Comment by olooney

1 day ago

I found a neat way to do high-quality "semantic soft joins" using embedding vectors[1] and the Hungarian algorithm[2] and I'm turning it into an open source Python package:

https://github.com/olooney/jellyjoin

It hits a sweet spot by being easier to use than record linkage[3][4] while still giving really good matches, so I think there's something there that might gain traction.

[1]: https://platform.openai.com/docs/guides/embeddings

[2]: https://en.wikipedia.org/wiki/Hungarian_algorithm

[3]: https://en.wikipedia.org/wiki/Record_linkage

[4]: https://recordlinkage.readthedocs.io/en/latest/

I love this as someone who used to work on max-weight matchings and now works on LLMs :)

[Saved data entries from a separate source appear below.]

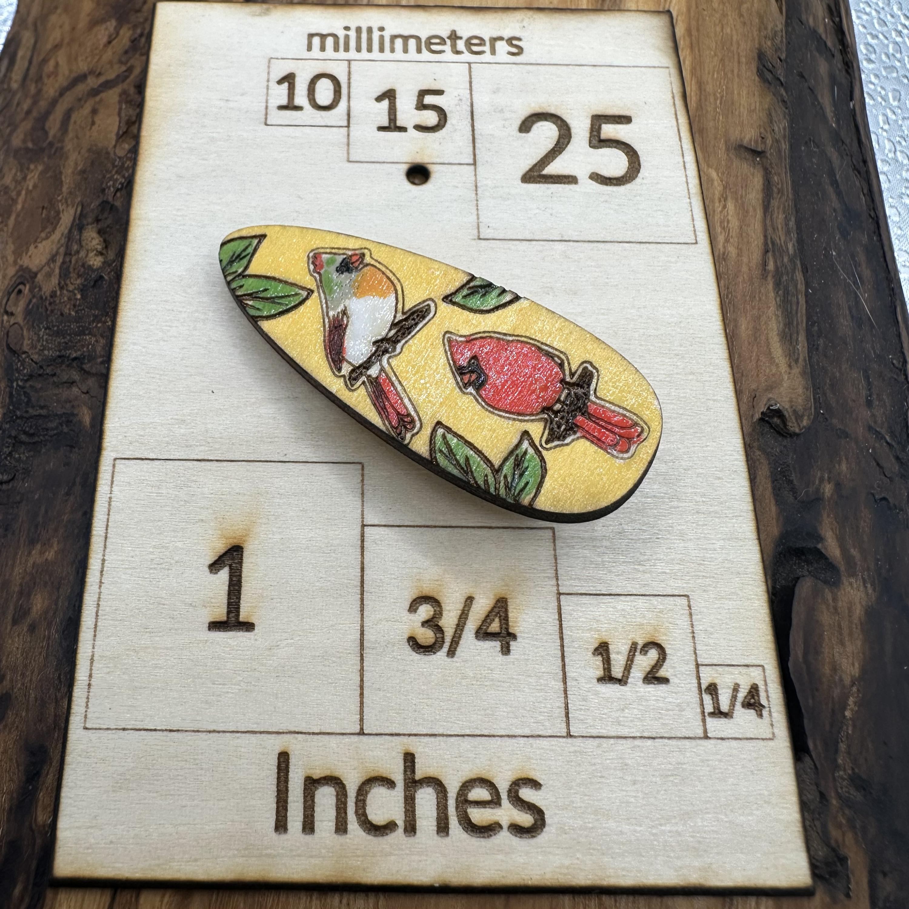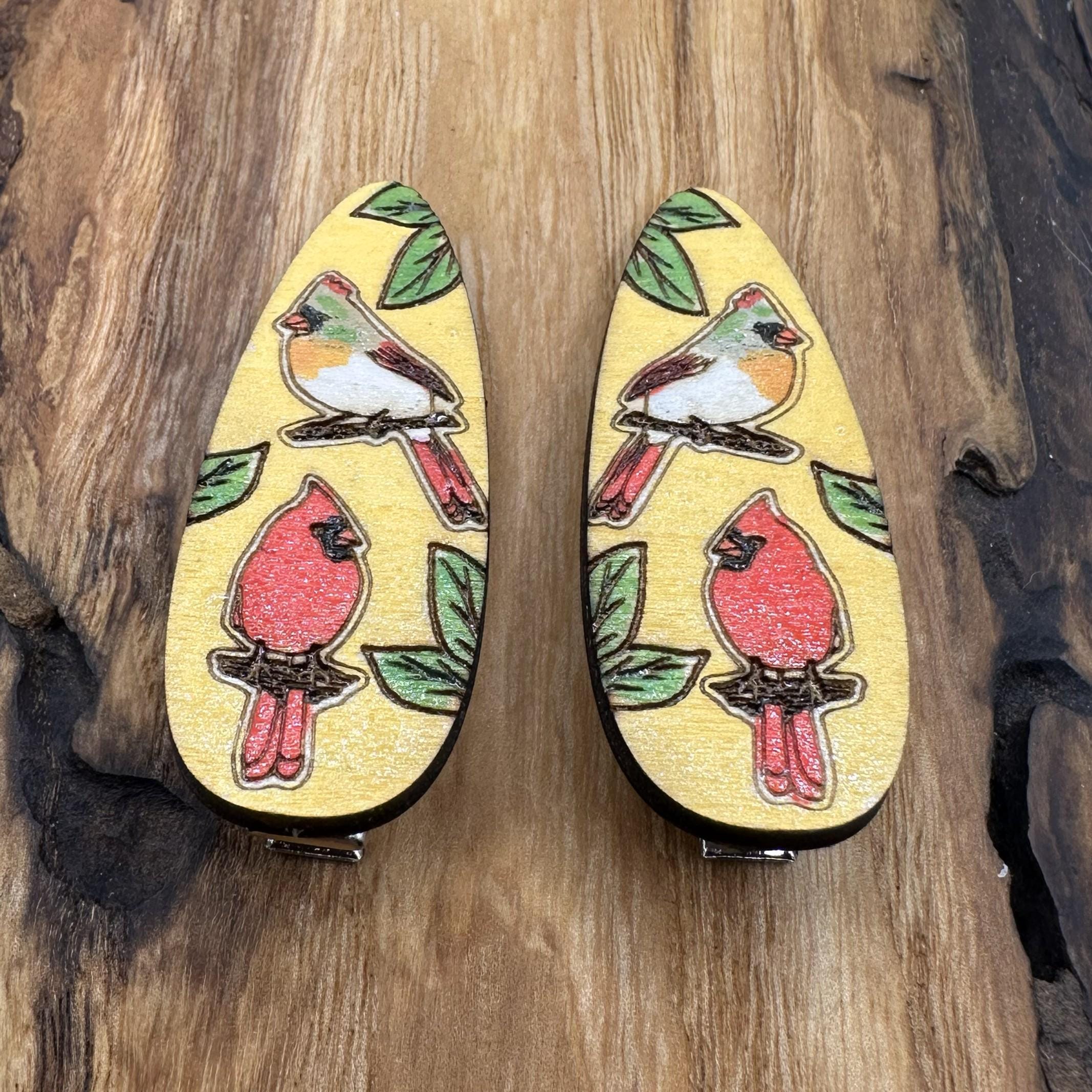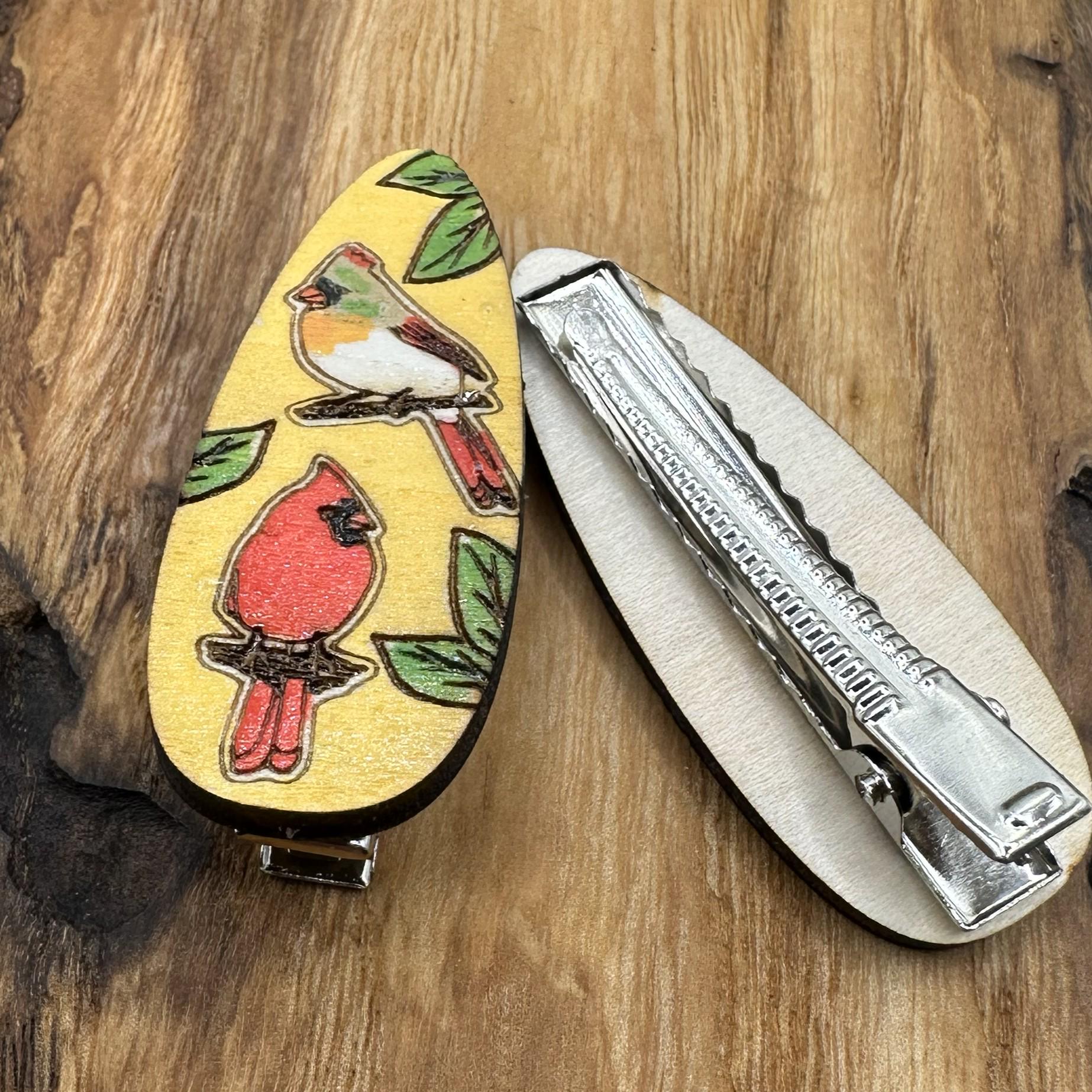 Get your hair out of your face with style with these hand painted, wood cardinal bird hair clips. Each piece starts out with an original drawing that’s laser cut/engraved from wood, and then hand painted.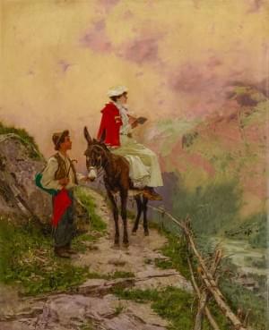 Sur un chemin de montagne, huile sur toile, signée, 60x49 cm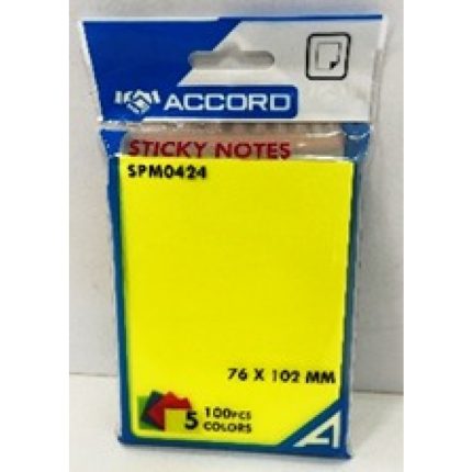 POST-IT 76×102 – 5 Couleurs – 100 Feuilles – Fluo Accord
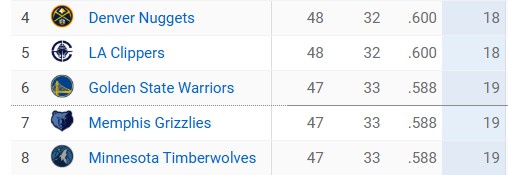- En plus de sa victoire à Memphis pour recoller aux Grizzlies, toujours 7e, Minnesota s'est offert le quart-temps avec le plus de points pour une équipe cette saison en NBA. Dans le 3e quart-temps, Anthony Edwards (44 pts) et les siens ont passé 52 points à leurs hôtes. Rudy Gobert a fini avec 13 points, 8 rebonds et 4 passes à 5/5. Tout reste à faire à l'Ouest pour les places allant de 4 à 8 (voir ci-dessous).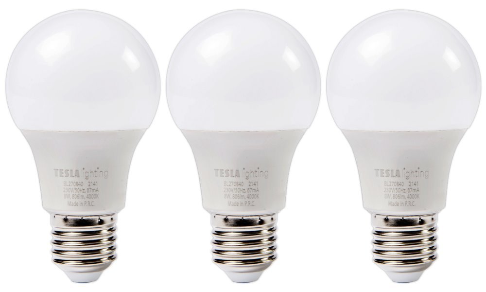 TESLA BULB E27 8 W 3 ksLED žárovka pro patici E27 ušetří energie a plně nahradí klasické žárovky.Balení obsahuje 3 ks LED žárovek.ZÁKLADNÍ SPECIFIKACEPatice: E27Příkon: 8 WSvětelný tok: 806 lmBarva světla: denní bíláBarevná teplota: 4 000 KMinimální životnost: 25 000 hodinVstupní napětí: AC 230...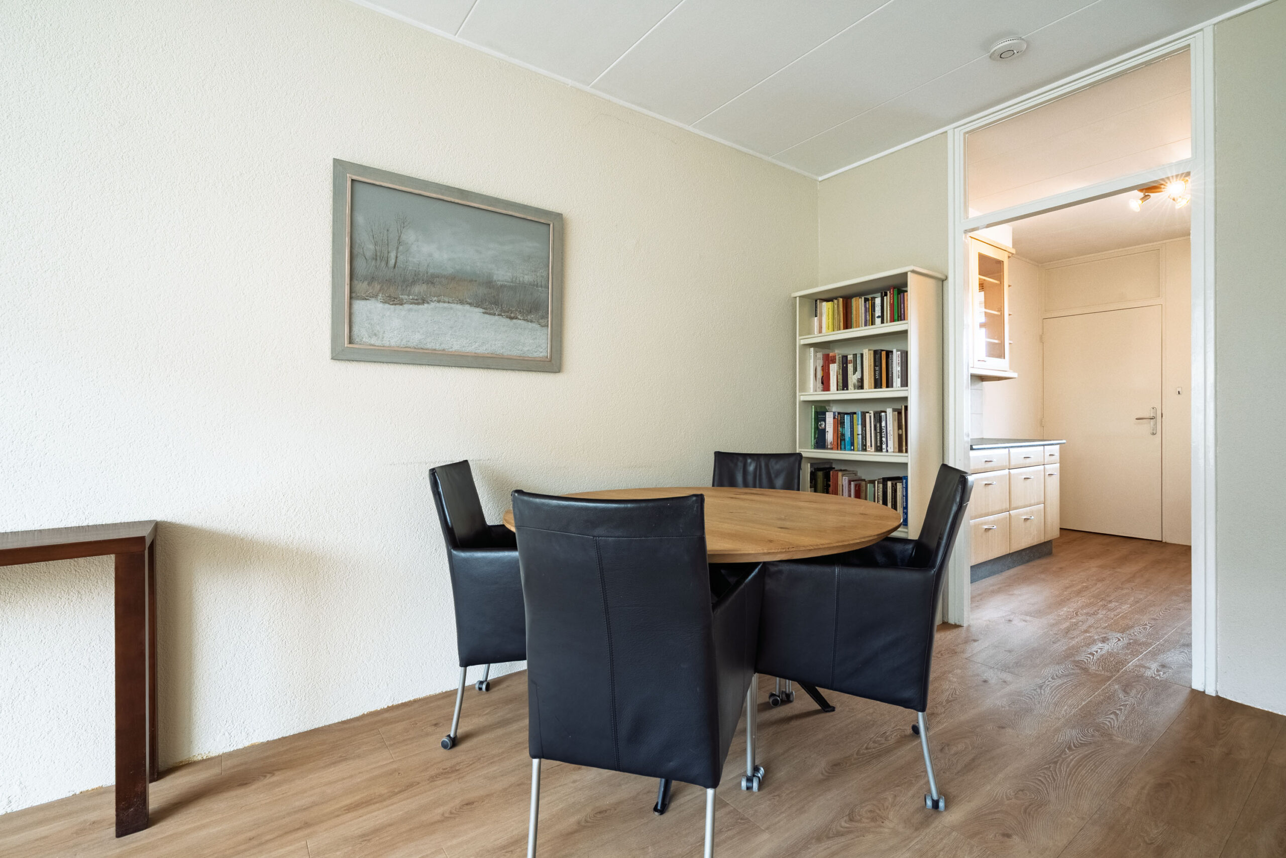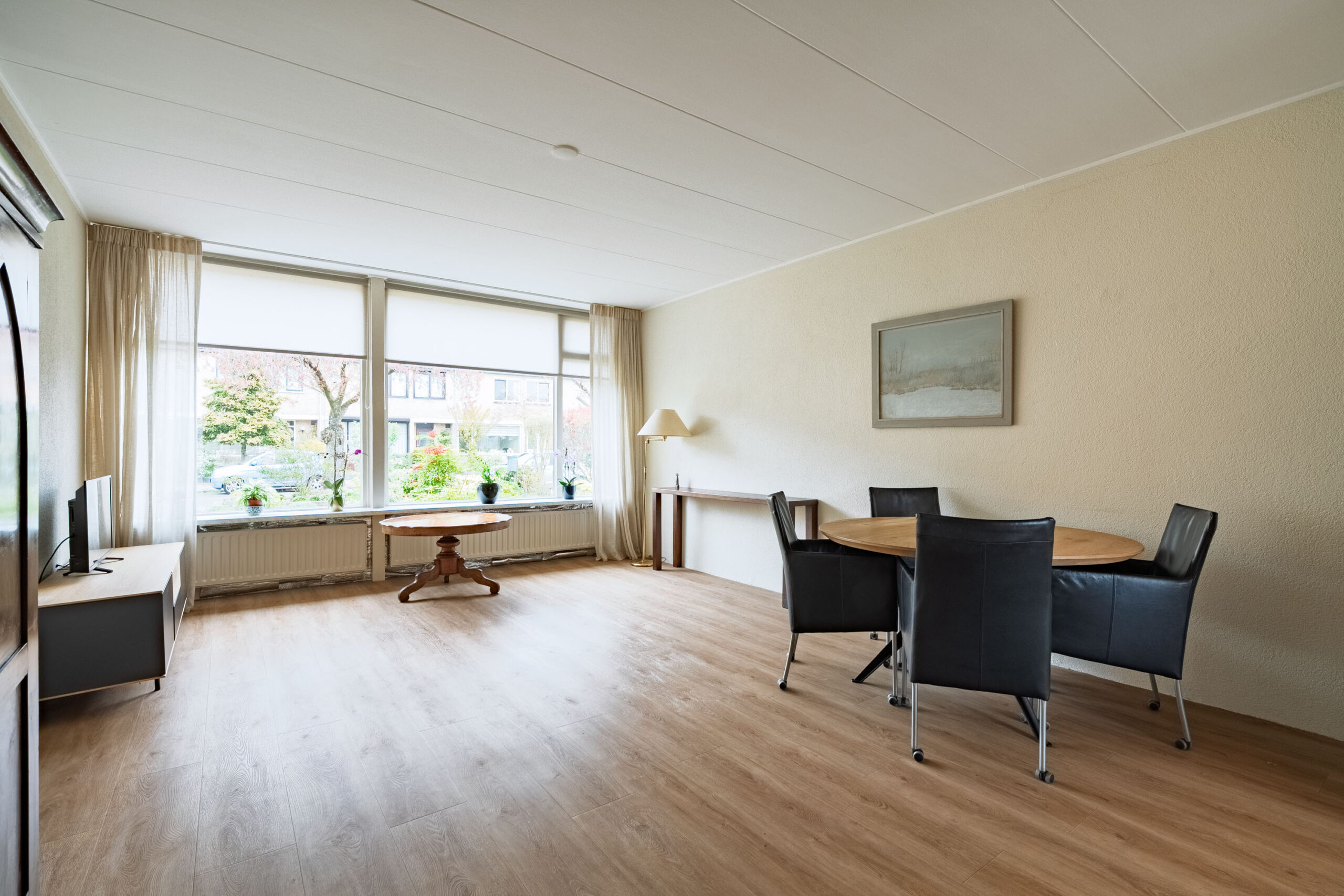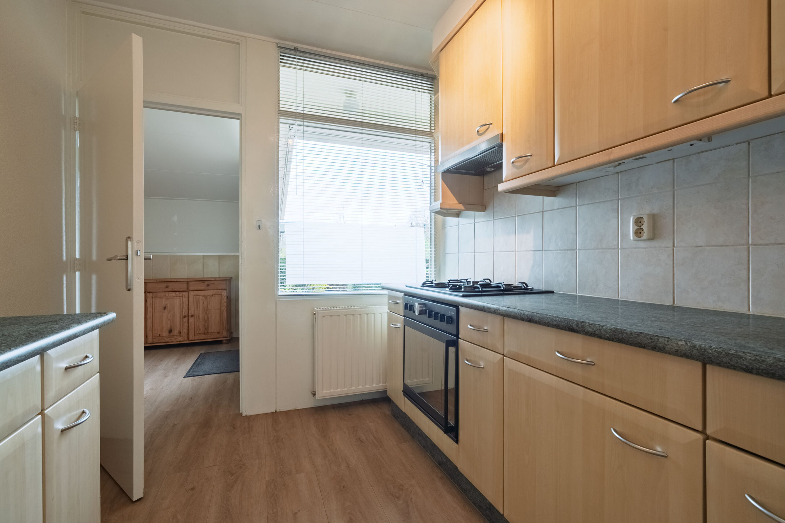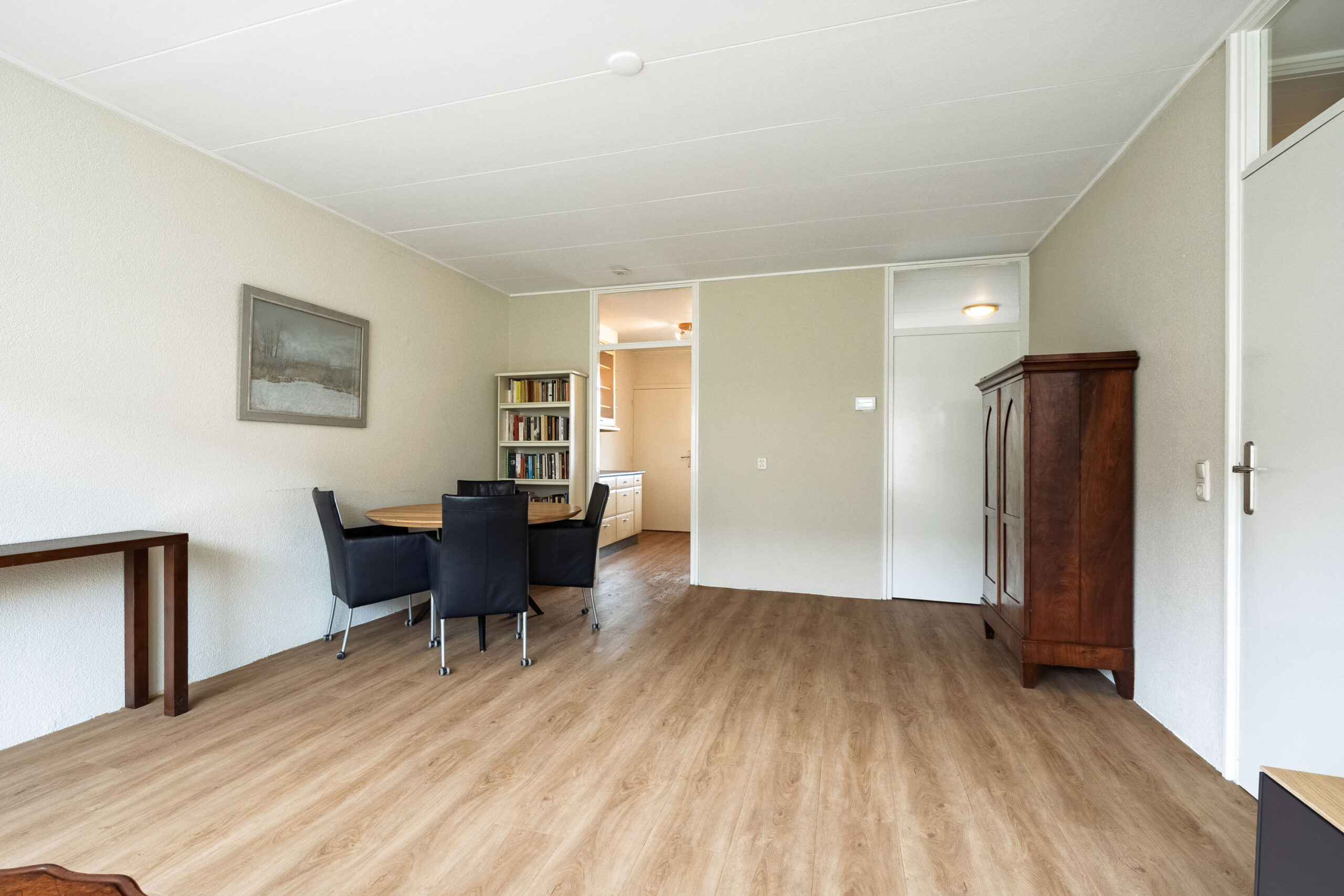 De semi-dichte keuken sluit hier mooi op aan en beschikt over voldoende werkruimte. Daarnaast is er een praktische bijkeuken met directe toegang tot de achtertuin. Verder bevinden zich op de begane grond de ruime slaapkamer met een kledingkast en de badkamer met douche, wastafelmeubel en een toilet Hierdoor maakt comfortabel gelijkvloers wonen mogelijk.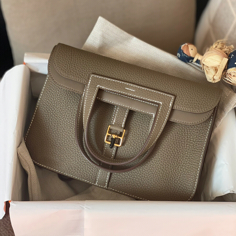 新品手縫いワックス糸ハザンバッグ本革レディースカバン牛革馬蹄カバンワンショルダー斜めがけバッグハンドバッグ25cm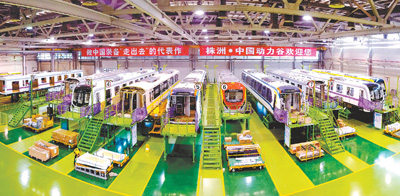 传统产业改造升级步伐加快。图为中国中车株洲电力机车有限公司组装车间。 |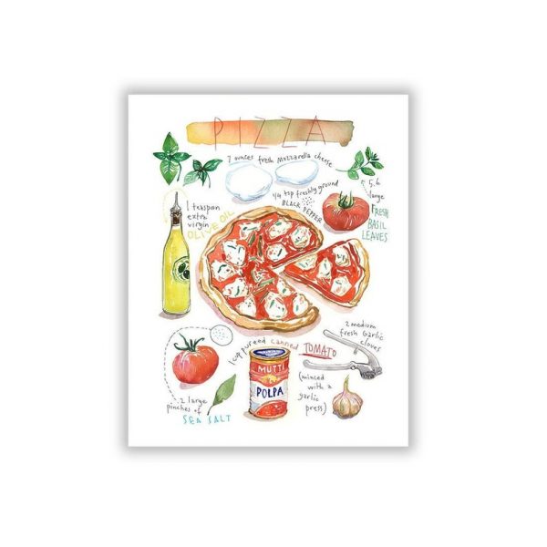 Pizza recept poster voor elke Italiaanse thema keuken inrichting en voor Pizza en Italië liefhebbers.

Very neat. As a heavy user of recordlinkage, this is definitely on my radar.

Cool project!

I see you saved a spot to show how to use it with an alternative embedding model. It would be nice to be able to use the library without an OpenAI api key. Might even make sense to vendor a basic open source model in your package so it can work out of the box without remote dependencies.

  • Yes, I'm planning out-of-the-box support for nomic[1] which can run in-process, and ollama which runs as a local server and supports many free embedding models[2].

    [1]: https://www.nomic.ai/blog/posts/nomic-embed-text-v1

    [2]: https://ollama.com/search?c=embedding

    • Project is super cool.

      If you're adding more LLM integration, a cool feature might be sending the results of allow_many="left" off to an LLM completions API that supports structured outputs. Eg imagine N_left=1e5 and N_right=1e5 but they are different datasets. You could use jellyjoin to identify the top ~5 candidates in right for each left, reducing candidate matches from 1e10 to 5e5. Then you ship the 5e5 off to an LLM for final scoring/matching.